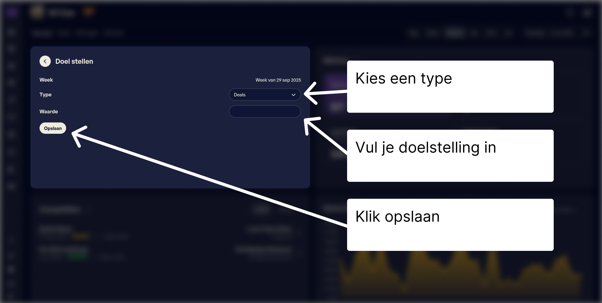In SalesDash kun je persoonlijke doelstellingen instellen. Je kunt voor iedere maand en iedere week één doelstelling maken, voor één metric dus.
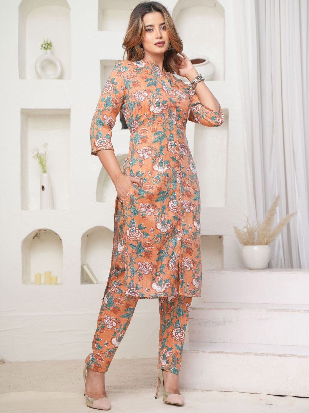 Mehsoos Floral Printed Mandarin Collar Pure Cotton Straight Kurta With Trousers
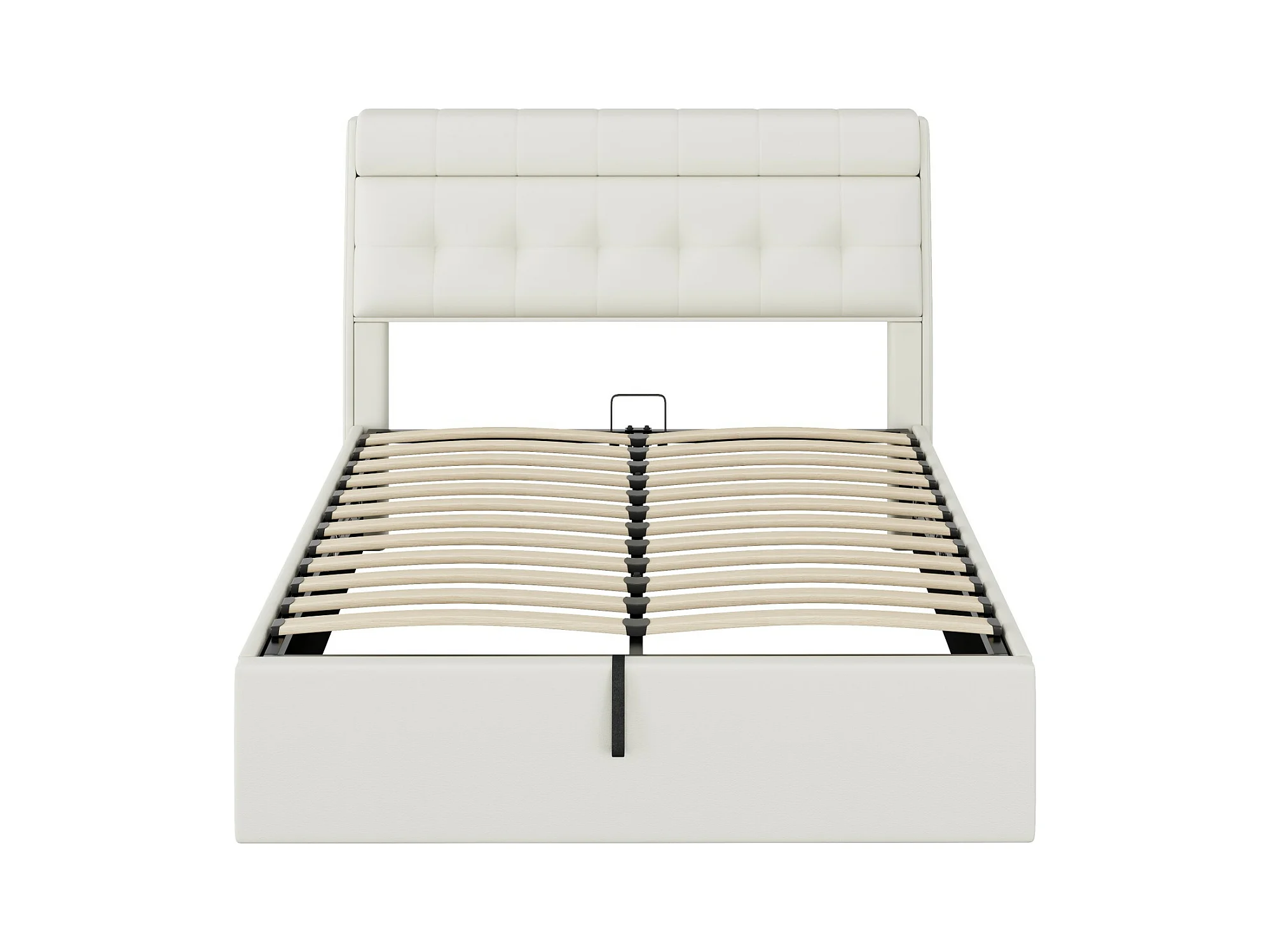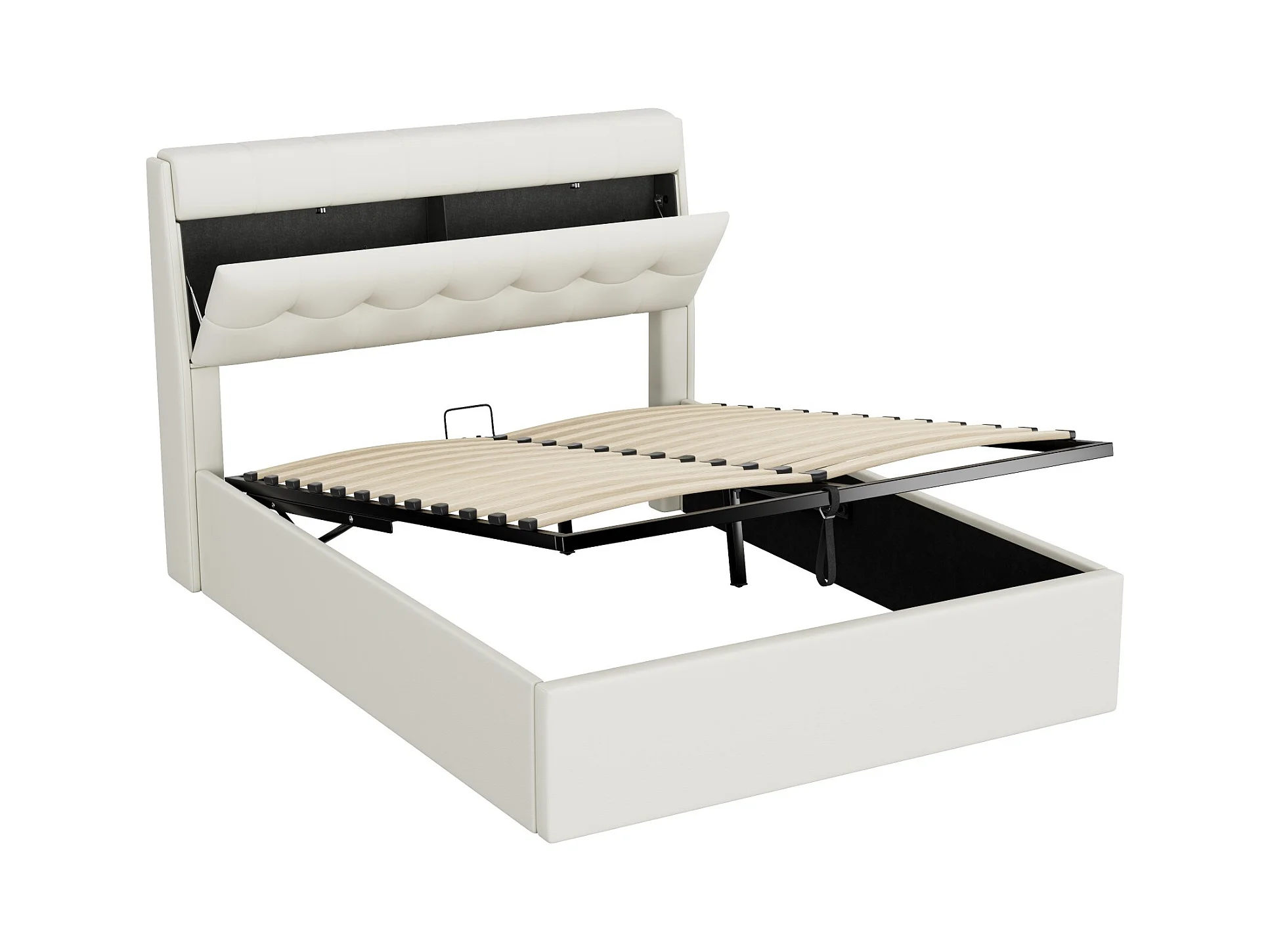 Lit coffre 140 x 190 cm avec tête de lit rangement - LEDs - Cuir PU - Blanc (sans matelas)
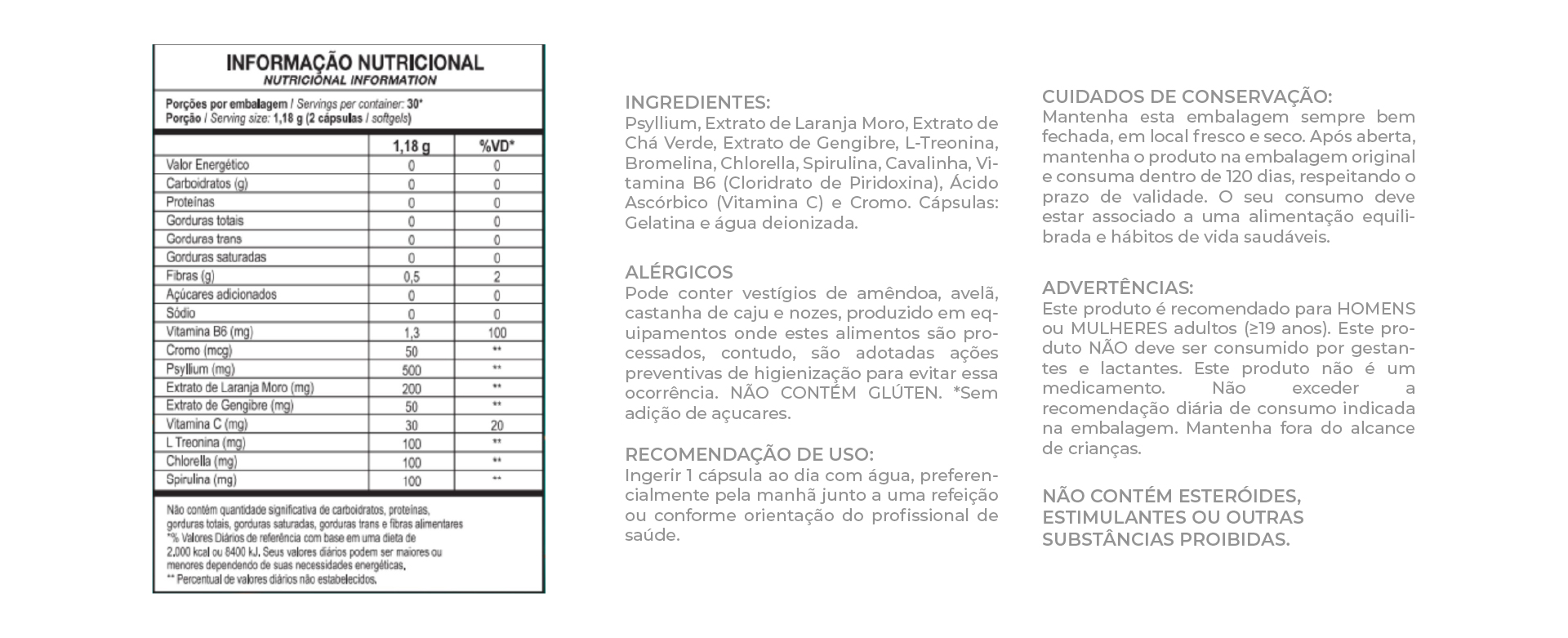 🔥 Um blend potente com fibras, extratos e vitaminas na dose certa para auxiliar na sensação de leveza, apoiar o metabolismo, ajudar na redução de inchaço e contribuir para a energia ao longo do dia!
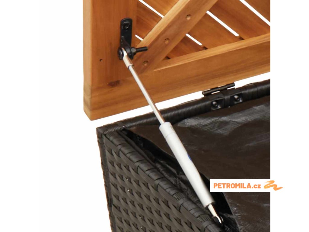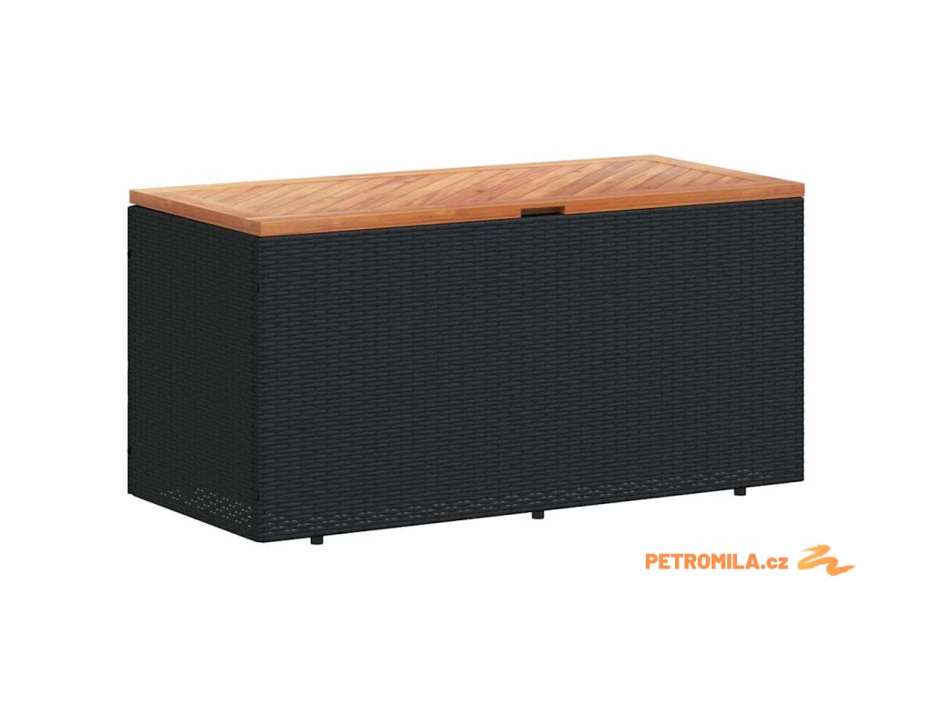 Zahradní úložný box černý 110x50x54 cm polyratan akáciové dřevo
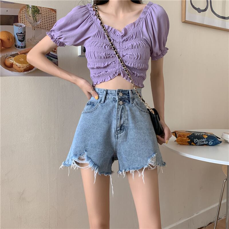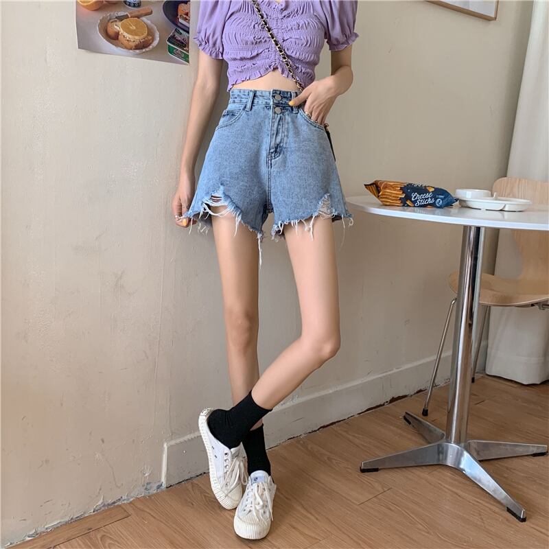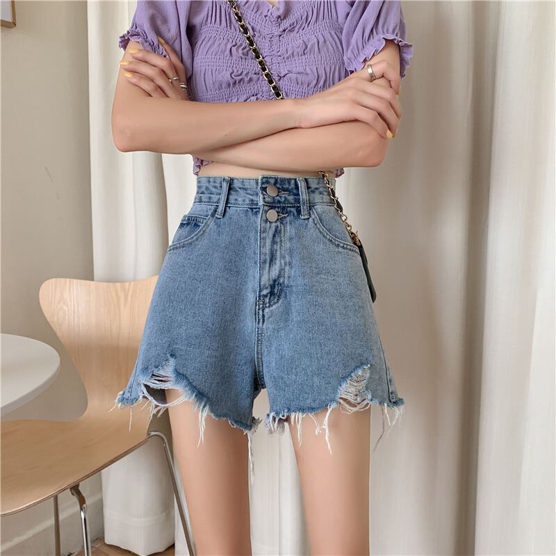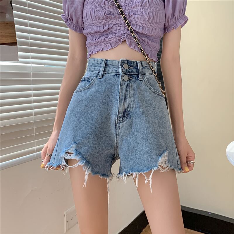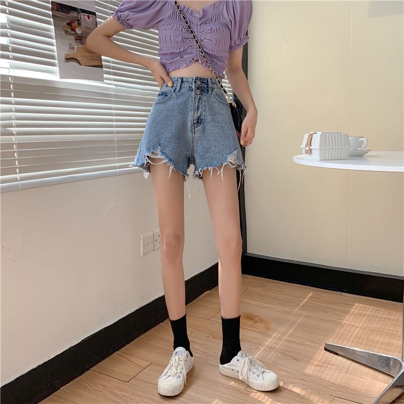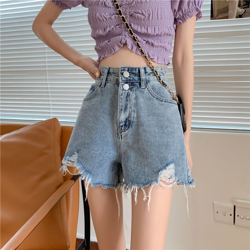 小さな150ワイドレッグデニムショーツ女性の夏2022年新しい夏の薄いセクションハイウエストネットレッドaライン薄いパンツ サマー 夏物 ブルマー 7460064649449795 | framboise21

> _REQUIRED WORK_: What should appear is an exact copy of the lines from the one containing "Zahradní úložný box" through the last line of the records above, pictures excluded.

> _ANSWER SECTION_:
 Zahradní úložný box černý 110x50x54 cm polyratan akáciové dřevo
 小さな150ワイドレッグデニムショーツ女性の夏2022年新しい夏の薄いセクションハイウエストネットレッドaライン薄いパンツ サマー 夏物 ブルマー 7460064649449795 | framboise21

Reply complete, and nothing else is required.